Screen-based measures of attention.

Sustained attention. A habituation task where we recorded peak looks directed at a face (the duration of the single longest look to a stimulus) and looks to criterion (number of looks required to reach habituation).

Visual recognition memory. After habituation, a novel face was presented alongside the familiar one to calculate the proportion of time looking at the novel target.

Gap-overlap. We calculated disengagement latencies by comparing infants’ reaction times to a simultaneous presentation of a lateral target alongside a central one vs. a presentation where the central target disappeared on appearance of the lateral one.

Information density preference. The outcome of interest was dubbed attention capture calculated as the difference between infants’ look duration during a “fast”, more salient presentation of stimuli, and a “slow” presentation. Increased attention for the less attention-eliciting slow presentations indicated infants’ increased attention control.

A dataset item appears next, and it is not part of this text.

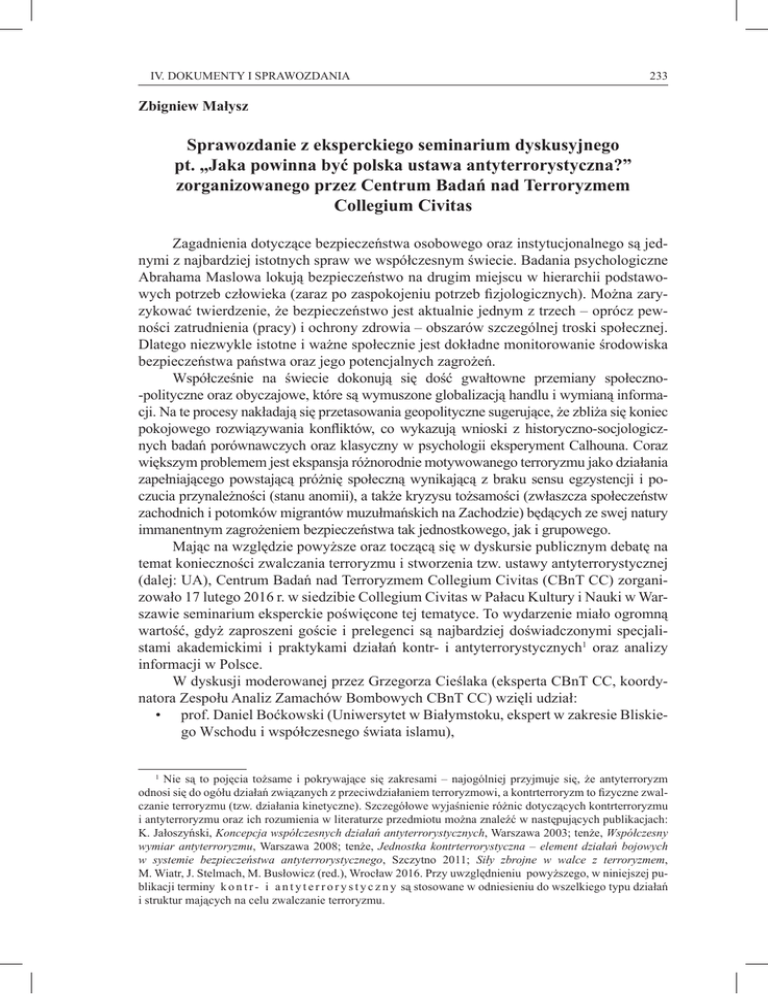 IV. DOKUMENTY I SPRAWOZDANIA 233 Zbigniew Małysz Sprawozdanie z eksperckiego seminarium dyskusyjnego pt. „Jaka powinna być polska ustawa antyterrorystyczna?” zorganizowanego przez Centrum Badań nad Terroryzmem Collegium Civitas Zagadnienia dotyczące bezpieczeństwa osobowego oraz instytucjonalnego są jednymi z najbardziej istotnych spraw we współczesnym świecie. Badania psychologiczne Abrahama Maslowa lokują bezpieczeństwo na drugim miejscu w hierarchii podstawowych potrzeb człowieka (zaraz po zaspokojeniu potrzeb fizjologicznych). Można zaryzykować twierdzenie, że bezpieczeństwo jest aktualnie jednym z trzech – oprócz pewności zatrudnienia (pracy) i ochrony zdrowia – obszarów szczególnej troski społecznej. Dlatego niezwykle istotne i ważne społecznie jest dokładne monitorowanie środowiska bezpieczeństwa państwa oraz jego potencjalnych zagrożeń. Współcześnie na świecie dokonują się dość gwałtowne przemiany społeczno-polityczne oraz obyczajowe, które są wymuszone globalizacją handlu i wymianą informacji. Na te procesy nakładają się przetasowania geopolityczne sugerujące, że zbliża się koniec pokojowego rozwiązywania konfliktów, co wykazują wnioski z historyczno-socjologicznych badań porównawczych oraz klasyczny w psychologii eksperyment Calhouna. Coraz większym problemem jest ekspansja różnorodnie motywowanego terroryzmu jako działania zapełniającego powstającą próżnię społeczną wynikającą z braku sensu egzystencji i poczucia przynależności (stanu anomii), a także kryzysu tożsamości (zwłaszcza społeczeństw zachodnich i potomków migrantów muzułmańskich na Zachodzie) będących ze swej natury immanentnym zagrożeniem bezpieczeństwa tak jednostkowego, jak i grupowego. Mając na względzie powyższe oraz toczącą się w dyskursie publicznym debatę na temat konieczności zwalczania terroryzmu i stworzenia tzw. ustawy antyterrorystycznej (dalej: UA), Centrum Badań nad Terroryzmem Collegium Civitas (CBnT CC) zorganizowało 17 lutego 2016 r. w siedzibie Collegium Civitas w Pałacu Kultury i Nauki w Warszawie seminarium eksperckie poświęcone tej tematyce. To wydarzenie miało ogromną wartość, gdyż zaproszeni goście i prelegenci są najbardziej doświadczonymi specjalistami akademickimi i praktykami działań kontr- i antyterrorystycznych1 oraz analizy informacji w Polsce. W dyskusji moderowanej przez Grzegorza Cieślaka (eksperta CBnT CC, koordynatora Zespołu Analiz Zamachów Bombowych CBnT CC) wzięli udział: • prof. Daniel Boćkowski (Uniwersytet w Białymstoku, ekspert w zakresie Bliskiego Wschodu i współczesnego świata islamu), 1 Nie są to pojęcia tożsame i pokrywające się zakresami – najogólniej przyjmuje się, że antyterroryzm odnosi się do ogółu działań związanych z przeciwdziałaniem terroryzmowi, a kontrterroryzm to fizyczne zwalczanie terroryzmu (tzw. działania kinetyczne). Szczegółowe wyjaśnienie różnic dotyczących kontrterroryzmu i antyterroryzmu oraz ich rozumienia w literaturze przedmiotu można znaleźć w następujących publikacjach: K. Jałoszyński, Koncepcja współczesnych działań antyterrorystycznych, Warszawa 2003; tenże, Współczesny wymiar antyterroryzmu, Warszawa 2008; tenże, Jednostka kontrterrorystyczna – element działań bojowych w systemie bezpieczeństwa antyterrorystycznego, Szczytno 2011; Siły zbrojne w walce z terroryzmem, M. Wiatr, J. Stelmach, M. Busłowicz (red.), Wrocław 2016. Przy uwzględnieniu powyższego, w niniejszej publikacji terminy k o n t r - i a n t y t e r r o r y s t y c z n y są stosowane w odniesieniu do wszelkiego typu działań i struktur mających na celu zwalczanie terroryzmu. 234 • PRZEGLĄD BEZPIECZEŃSTWA WEWNĘTRZNEGO 15/16 prof. Kuba Jałoszyński (Wyższa Szkoła Policji w Szczytnie, były dowódca warszawskiego pododdziału antyterrorystycznego, twórca centralnej jednostki antyterrorystycznej Policji), • Piotr Niemczyk (Niemczyk i Wspólnicy, były zastępca dyrektora Zarządu Wywiadu UOP oraz ekspert Sejmowej Komisji ds. Służb Specjalnych), • dr Witold Sokała (Uniwersytet Jana Kochanowskiego w Kielcach, ekspert w zakresie wyzwań i zagrożeń asymetrycznych oraz roli służb specjalnych i mediów w polityce bezpieczeństwa). Wstęp do spotkania stanowiło wystąpienie dr. Krzysztofa Liedela (dyrektora CBnT CC), podczas którego szczegółowo i ciekawie omówił on rozwój polskiego systemu antyterrorystycznego i jego podstawy prawne. Następnie głos zabrał Grzegorz Cieślak, zwracając uwagę na konieczność szybkiego uchwalenia dobrze napisanej i merytorycznie przygotowanej przez ekspertów UA. Podkreślił, że można mieć wątpliwości co do jej formy i efektywności, co wynika ze specyfiki terroryzmu jako zjawiska wyjątkowo łatwo adaptującego się do zmieniających się warunków i niepoddającego się kategoryzacji. Wskazał, że współcześnie sam sposób walki z terroryzmem ulega zmianie i zyskuje charakter proaktywny, ofensywny, wielopłaszczyznowy (w większości krajów) i wielopodmiotowy (podkreślił także dominującą rolę Agencji Bezpieczeństwa Wewnętrznego w zwalczaniu terroryzmu w Polsce i przeciwdziałaniu temu zjawisku). Zagrożenie terroryzmem nieuchronnie wytwarza potrzebę ściślejszej współpracy i koordynacji poszczególnych struktur kontr- i antyterrorystycznych, a w dalszej kolejności – ich „usieciowienia”. Na zakończenie swojej wypowiedzi moderator wskazał, że w kontekście niniejszego seminarium jego główne pytanie brzmi: Jaka powinna być polska ustawa antyterrorystyczna, tak aby zaspokoić oczekiwania tych, którzy będą jej podmiotami? Profesor Jałoszyński stwierdził, że na podstawie informacji medialnych oczekiwał, iż przedmiotem seminarium będzie dyskusja nad treścią powstającej UA i tym, co jeszcze można w niej udoskonalić. Niestety, jak dotychczas taki akt prawny nie powstał. Według niego UA powinna mieć charakt

Attention during naturalistic tasks.

We used the Lab-TAB Orientation Task [43, 44], and a Semi-structured play task, whereby infants played with wooden blocks and a set of toys respectively while being supervised by their parent. The tasks allowed to observe infants’ focused attention in naturalistic settings. In the Lab-TAB the main outcome was infants’ intensity of facial interest, rated by a blinded researcher. In the free play task, the outcome was the proportion of infants’ looks directed at objects.

Infant Behaviour Questionnaire (IBQ)–Very short form.

The main caregiver completed the IBQ [45]: we focused on the “Effortful Control” dimension, which indicates infants’ enjoyment of low-intensity activities (e.g. being held or rocking), focused attention, and inhibitory control.

Social attention and communication.

We administered the Object Spectacle, Book Presentation, and Gaze Following tasks from the Early Social Communication Scales (ESCS) [46]. We considered infants’ proportions of trials where they displayed Responding to Joint Attention (RJA), i.e. they followed the experimenter’s gaze and gestures directed at objects, and infants’ rate of Initiating Joint Attention (IJA), i.e. instances where infants directed the experimenter’s attention to objects.

Attractive toy placed in a box task (Lab-TAB).

We administered this task [43, 44] to measure infants’ display of protest and anger, as rated by a blinded researcher. The researcher also coded parent’s interference (e.g. attempts to soothe the infant): since this varied across groups, we weighted infants’ display of anger by parental interference ratings (see SM–Section 4 in S1 File).

Statistical analysis

We used Bayesian regression analysis [39] to estimate changes between pre- and post-assessments across treated and controls (An introduction to Bayesian approaches is provided in SM–Section 5 in S1 File). To this aim, we firstly calculated difference scores by subtracting individuals’ scores in the pre-test from the post-test score: where necessary (e.g. Gap-Overlap task) these scores were inverse-transformed so that positive scores indicated improved performance after the training (see SM, Section 6 in S1 File). These were then standardised into d scores by considering the sample mean and SD: thus, d = 0 indicated no change between pre- and post-test, d = 1 indicated a 1 SD unit improvement in post-test performance, and so on.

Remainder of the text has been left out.